Tuesday, November 14, 2006
What with GM digging out of a hole and Ford still in the hole, it seemed only a matter of time before DCX felt the brisk winter wind whistling around its financial ankles. Like Ford and GM, Chrysler Group has launched hot new cars and crossovers like the Chrysler 300 and Dodge Caliber but many of its Cars, Trucks and SUVs are not moving as well as originally "programmed." Blame the economy, gas prices or the favorite reason for market share losses, Toyota. It doesn't matter, $1.5 billion in losses in the most recent quarter get your attention. "Domestic" products, especially SUVs and Trucks have gone from cash cows to financial boat anchors. New Sales chief, Steve Landry has his work cut out for him and further production cuts are underway.

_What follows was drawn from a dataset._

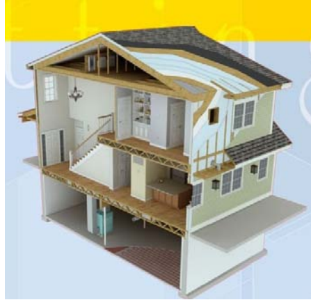
The NIST Net Zero Energy Residential Test Facility.

We will need to provide names to NIST of the expected attendees at least 1 week prior to the tour . If you are not a U.S. Citizen or Permanent Resident (with a green card), we will need to

The problems are deep enough that aggressive discounting is once again front and center.
The cutbacks are underway...from production cuts to supplier cuts and a new aggressive leasing program that carries with it the usual residual risks. When you fly into Detroit Metro airport, you may see large parking lots of new cars...likely, those are Chrysler products, waiting to be shipped to dealers who have cut back on their order banks. Unlike Ford and GM, however, Chrysler group's parent in Germany has already whispered the word, "spin-off."
We're not sure how DCX would spin-off Chrysler Group should the sales/profit story worsen. It would likely require a suitor...perhaps Nissan? Plus...how do you unravel the cross product plans? One thing for sure about the current car business...it's not boring!